EXERCISE REQUIREMENTS. Retype word for word the stretch of entries below from the line that has "Лесницыно. Уютный загородный" through the line that has "The design (artist’s", and omit the pictures.

DATA RECORDS.
^^^^^^^^
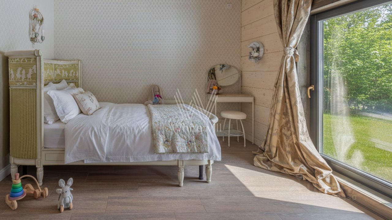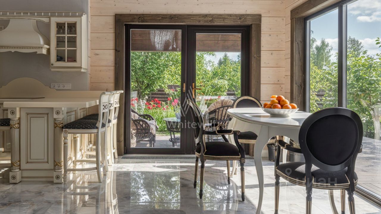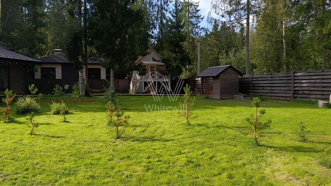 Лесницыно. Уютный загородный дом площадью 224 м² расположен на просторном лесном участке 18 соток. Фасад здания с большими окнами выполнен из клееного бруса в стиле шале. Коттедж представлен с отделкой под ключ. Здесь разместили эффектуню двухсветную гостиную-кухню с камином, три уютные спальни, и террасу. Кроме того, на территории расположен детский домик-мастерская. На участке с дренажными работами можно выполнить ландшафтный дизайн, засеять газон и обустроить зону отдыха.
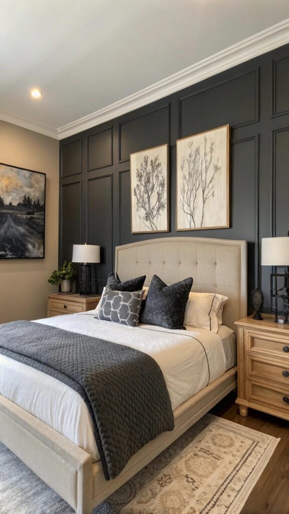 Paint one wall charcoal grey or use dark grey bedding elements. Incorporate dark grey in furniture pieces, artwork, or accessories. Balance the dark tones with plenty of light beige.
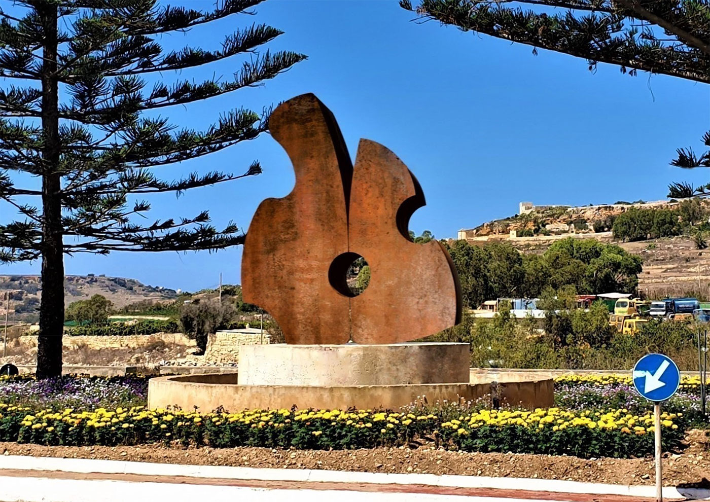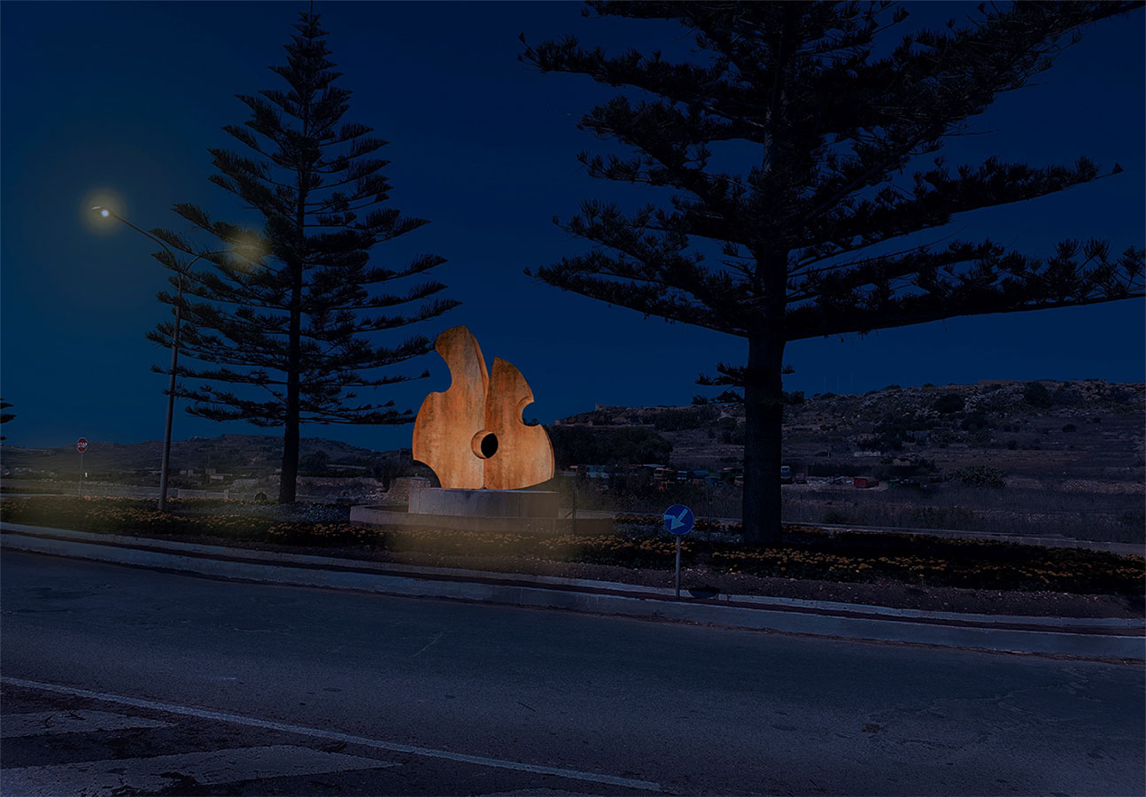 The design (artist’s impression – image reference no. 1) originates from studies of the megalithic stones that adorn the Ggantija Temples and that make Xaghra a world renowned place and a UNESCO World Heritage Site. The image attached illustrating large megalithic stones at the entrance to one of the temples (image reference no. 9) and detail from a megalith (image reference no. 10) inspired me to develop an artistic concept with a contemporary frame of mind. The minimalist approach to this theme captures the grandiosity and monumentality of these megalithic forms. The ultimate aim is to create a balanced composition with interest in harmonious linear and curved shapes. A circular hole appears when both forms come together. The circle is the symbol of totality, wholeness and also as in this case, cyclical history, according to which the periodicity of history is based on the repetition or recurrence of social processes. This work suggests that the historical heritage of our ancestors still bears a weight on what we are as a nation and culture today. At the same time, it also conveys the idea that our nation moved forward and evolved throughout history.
^^^^^^^^
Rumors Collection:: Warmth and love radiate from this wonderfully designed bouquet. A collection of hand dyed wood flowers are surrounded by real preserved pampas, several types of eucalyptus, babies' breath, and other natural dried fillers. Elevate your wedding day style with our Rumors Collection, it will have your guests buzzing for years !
^^^^^^^^
EXERCISE RESULT.
 Лесницыно. Уютный загородный дом площадью 224 м² расположен на просторном лесном участке 18 соток. Фасад здания с большими окнами выполнен из клееного бруса в стиле шале. Коттедж представлен с отделкой под ключ. Здесь разместили эффектуню двухсветную гостиную-кухню с камином, три уютные спальни, и террасу. Кроме того, на территории расположен детский домик-мастерская. На участке с дренажными работами можно выполнить ландшафтный дизайн, засеять газон и обустроить зону отдыха.
 Paint one wall charcoal grey or use dark grey bedding elements. Incorporate dark grey in furniture pieces, artwork, or accessories. Balance the dark tones with plenty of light beige.
 The design (artist’s impression – image reference no. 1) originates from studies of the megalithic stones that adorn the Ggantija Temples and that make Xaghra a world renowned place and a UNESCO World Heritage Site. The image attached illustrating large megalithic stones at the entrance to one of the temples (image reference no. 9) and detail from a megalith (image reference no. 10) inspired me to develop an artistic concept with a contemporary frame of mind. The minimalist approach to this theme captures the grandiosity and monumentality of these megalithic forms. The ultimate aim is to create a balanced composition with interest in harmonious linear and curved shapes. A circular hole appears when both forms come together. The circle is the symbol of totality, wholeness and also as in this case, cyclical history, according to which the periodicity of history is based on the repetition or recurrence of social processes. This work suggests that the historical heritage of our ancestors still bears a weight on what we are as a nation and culture today. At the same time, it also conveys the idea that our nation moved forward and evolved throughout history.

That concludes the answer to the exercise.